Wall Street has taken some tough action against Walgreens recently
Amazon’s (AMZN) acquisition of PillPack and the fears of rising competition resulted in a series of Wall Street downgrades of Walgreens Boots Alliance (WBA). Three analysts downgraded their ratings on the drug store giant in June, and another three downgraded the stock in July.
In June, Bank of America Merrill Lynch lowered the company’s rating from “neutral” to “underperform.” Then Baird downgraded it from “outperform” to “neutral,” while Jefferies cut it from “buy” to “hold.” While analysts noted that Amazon’s PillPack acquisition is unlikely to have an impact on Walgreens in the near term, earnings might be affected in the long run. The downgrades will likely have a negative impact of Walgreens stock.
Jefferies analyst Brian Tanquilut said, “We believe that the NT earnings impact to WBA from AMZN’s acquisition of PillPack is likely immaterial, but the perception and concern that AMZN will successfully integrate PillPack into its consumer offering (1-2 years out) will likely weigh on WBA stock NT and potentially impact actual earnings performance LT.”
Who else has downgraded WBA?
Mizuho lowered Walgreens to “neutral” from “buy” in early July, citing high valuations in the face of rising competitive threats from Amazon, the lack of a clear strategy for competing in a consolidated industry, and a lack of revenue diversification.
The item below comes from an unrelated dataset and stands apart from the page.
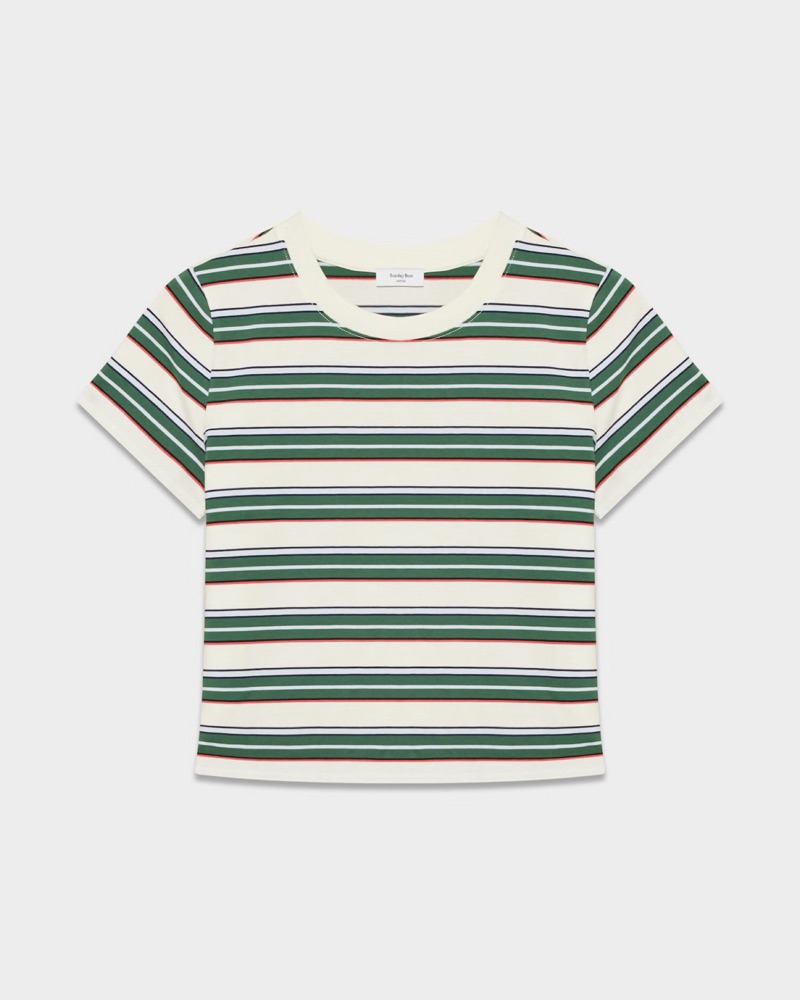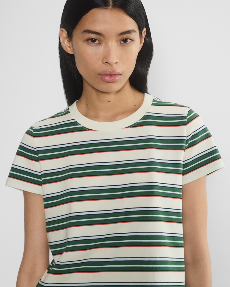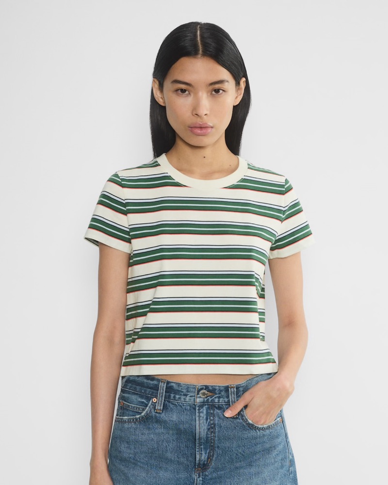 This versatile striped tee can be dressed up or down. Pair it with jeans and sneakers for a casual daytime look or tuck it into a skirt for an effortlessly chic vibe.

Evercore ISI then downgraded the stock on July 10 to “in-line” from “outperform.” The Evercore analyst cited rising competition after Amazon’s PillPack acquisition, European Union fee pressure, and Brexit volatility as the key reasons behind the downgrade. On July 23, Cowen and Company downgraded Walgreens from “outperform” to “market perform.”
“We’re downgrading WBA to Market Perform, as we view it as poorly positioned in the move toward value-based care. We increasingly believe ownership (CVS acq. of AET) rather than partnership (WBA’s open health hub) is necessary to realize the benefits of cost trend improvements. Without such, we see WBA potentially marginalized as more of a distribution channel and at greater risk to disruption,” said analyst Charles Rhyee in a client note.